Composite Edge Contraction

Composite Edge Contraction (CEC) reduces the computational complexity by processing larger volumes of data in the graph. Especially, CEC merges vertices guaranteed to process the graph without loss of information. In the case of Overlap-layout-consensus (OLC), a read is represented for branching to two additional reads which deviate from each other at least one nucleotide, both of which then overlap back to the same read. In contrast to OLC, the CEC algorithm simplifies the path analysis by removing redundancy and reducing complexity of the graph, considering only the contractible edges without loss of important information for the genome assembly. To simplify the overlap graph, a simple vertex, r, along with its in-arrow edge (u, r) and out-arrow edge (r,w), are replaced by a composite edge (u,w) in the overlap graph.

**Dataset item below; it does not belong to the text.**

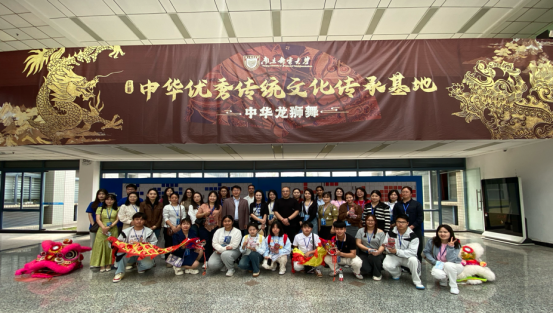 在南京金陵高等职业技术学校双桥门校区,交流团走进航空服务专业实训基地,并在 “享味轩” 参与多国美食制作沉浸式体验活动。活动特别邀请毛里求斯、尼泊尔等国留学生共同参与,中外师生在专业实训与文化互动中增进理解。南京邮电大学的校史馆、通信展览馆与创新创业成果展,则呈现了信息通信领域的学科成就与科创实力。交流团观摩智慧物流机器人、物联网环保项目等学生科创成果,与南邮师生就创新创业教育、产教融合人才培养展开热烈交流。南邮龙狮团的舞狮表演与彩带龙制作体验,更让中外师生沉浸式感受中国非遗技艺的魅力,在传统文化传承中深化职业教育的文化育人内涵。

Algorithm 4 describes the composite edge contraction by using the operators of the graph-parallel computations provided by GraphX and GraphFrames. After receiving the reduced graph from Algorithm 3, the operator aggregateMessages computes the number of edges going in and out of each vertex depending on the orientation of the edge. The result of a processed set of vertices and edges is integrated with the input reduced graph by using the operator outerJoinVertices. The operator mapTriplets is parallelized to investigate the edges of each adjacent vertex to determine whether the vertex only includes a pair of incoming and outgoing edges. It then marks the edge TRUE if they can be contracted. The subgraph operator returns a new graph with only the contractable edges.

The operator connectedComponent identifies the connection relationship among contractible vertices and produces the vertex information with the vertex IDs for the connected contractible subgraphs. Given the contractible vertex information, the operator innerJoin performs an inner join between each contractible and internal vertex to produce a set of the new vertex properties, which is used in the operator aggregateUsingIndex to aggregate the contracted vertices ensuring consistency by joining the IDs among vertices. Then, the operator subgraph filters out the edges marked FALSE to remove the contractible edges from the original graph. Based on the refined vertex set, the operator outerJoinVertices generates the contracted edges, which parameterize the operator graph to construct a new reduced graph.

Results

Figure 2 shows a practical pipeline of genome assembly using SORA. In our experiments, we applied three overlap-graph reduction algorithms (Transitive Edge Reduction, Dead-End Removal, and Composite Edge Contraction) in SORA to three different types of benchmark datasets.

Fig. 2
figure 2

Overview of analysis pipeline using SORA. SORA pipeline for genome assembly

Three Data Sets

For the first experiment described in Section 6, we downloaded a metagenomics dataset from the Sequence Read Archive at the National Center for Biotechnology Information (NCBI) [24]. The accession number is SRX200676. The metagenomics dataset is considerably large containing mixed DNA from 64 diverse bacterial and archaeal microorganisms. The combined DNA was sequenced using Illumina HiSeq [26]. For the second experiment described in Section 6, we obtained a single genome dataset of Conyza canadensis (also known as horseweed) processed by the Illumina HiSeq sequencing system [27]. For the third experiment described in Section 6, we downloaded a human genome dataset provided by the 1000 Genome Project data portal (ISGR: The International Genome Sample Resource http://www.internationalgenome.org/). Sample ID is NA12878 (http://www.internationalgenome.org/data-portal/sample/NA12878) and we downloaded 3 files of whole genome sequencing (WGS) from the European Bioinformatics Institute (EBI) (ftp://ftp.sra.ebi.ac.uk/vol1/fastq/SRR622/SRR622461/-SRR622461_1.fastq.gz,ftp: //ftp.sra.ebi.ac.uk/vol1/fastq/SRR622/SRR622461/-SRR622461_2.fastq.gz,ftp://ftp.sra.ebi.ac.uk/vol1/fastq/SRR622/SRR622461/SRR622461.fastq.gz).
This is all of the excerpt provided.